[WORK TO COMPLETE]: Reproduce exactly only the lines from the line that holds "Coloque de seguida" to the line that holds "SmallRig Multi-Tool 2432", inclusive, in the listing below, and please leave out every picture.

------ DATA

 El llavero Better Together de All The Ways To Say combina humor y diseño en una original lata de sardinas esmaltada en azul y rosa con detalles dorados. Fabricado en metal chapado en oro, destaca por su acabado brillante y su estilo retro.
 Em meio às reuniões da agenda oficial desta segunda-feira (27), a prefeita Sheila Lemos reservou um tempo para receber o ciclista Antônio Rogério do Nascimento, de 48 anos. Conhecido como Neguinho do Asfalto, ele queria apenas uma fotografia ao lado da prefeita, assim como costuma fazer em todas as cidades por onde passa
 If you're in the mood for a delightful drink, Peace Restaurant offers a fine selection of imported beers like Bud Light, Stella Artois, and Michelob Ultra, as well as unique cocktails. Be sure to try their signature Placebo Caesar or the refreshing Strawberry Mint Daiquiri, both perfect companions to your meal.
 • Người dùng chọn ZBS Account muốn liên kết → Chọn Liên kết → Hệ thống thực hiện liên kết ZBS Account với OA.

------------
------ DATA

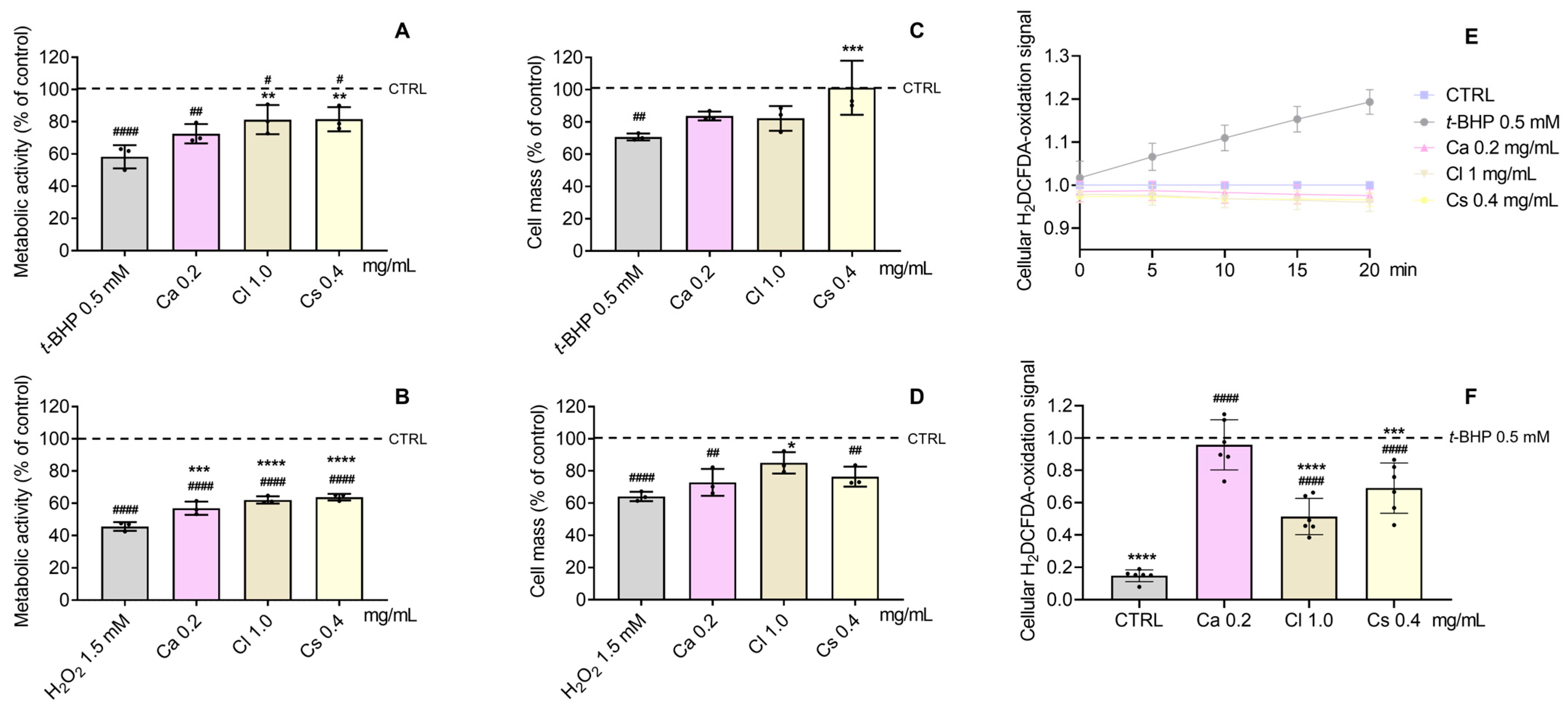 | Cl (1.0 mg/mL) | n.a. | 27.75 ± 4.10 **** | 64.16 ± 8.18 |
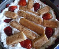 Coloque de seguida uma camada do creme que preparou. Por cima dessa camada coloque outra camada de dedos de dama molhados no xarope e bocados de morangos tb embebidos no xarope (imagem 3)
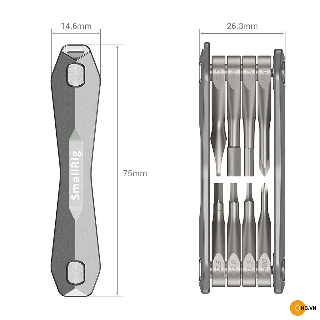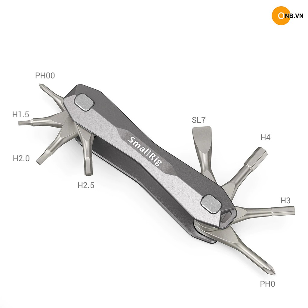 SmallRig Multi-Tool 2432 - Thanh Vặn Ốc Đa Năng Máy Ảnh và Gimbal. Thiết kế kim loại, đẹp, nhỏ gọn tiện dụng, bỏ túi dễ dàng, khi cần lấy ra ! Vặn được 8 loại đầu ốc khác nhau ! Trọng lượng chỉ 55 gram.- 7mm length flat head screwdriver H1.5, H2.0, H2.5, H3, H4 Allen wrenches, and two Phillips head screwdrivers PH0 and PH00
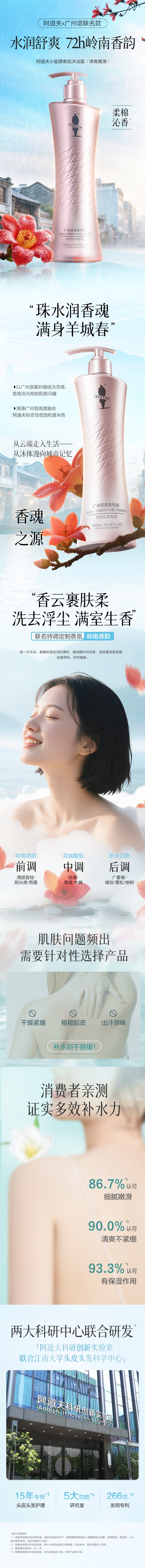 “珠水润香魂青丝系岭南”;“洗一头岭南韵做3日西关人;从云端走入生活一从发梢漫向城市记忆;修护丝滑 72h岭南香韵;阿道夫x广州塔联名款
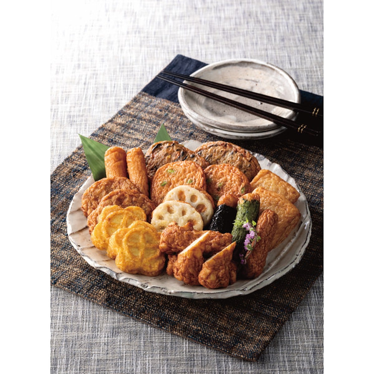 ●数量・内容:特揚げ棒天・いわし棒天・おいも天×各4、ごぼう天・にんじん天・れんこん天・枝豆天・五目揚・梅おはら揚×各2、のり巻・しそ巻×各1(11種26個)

------------

[YOUR RESPONSE]:
 Coloque de seguida uma camada do creme que preparou. Por cima dessa camada coloque outra camada de dedos de dama molhados no xarope e bocados de morangos tb embebidos no xarope (imagem 3)
 SmallRig Multi-Tool 2432 - Thanh Vặn Ốc Đa Năng Máy Ảnh và Gimbal. Thiết kế kim loại, đẹp, nhỏ gọn tiện dụng, bỏ túi dễ dàng, khi cần lấy ra ! Vặn được 8 loại đầu ốc khác nhau ! Trọng lượng chỉ 55 gram.- 7mm length flat head screwdriver H1.5, H2.0, H2.5, H3, H4 Allen wrenches, and two Phillips head screwdrivers PH0 and PH00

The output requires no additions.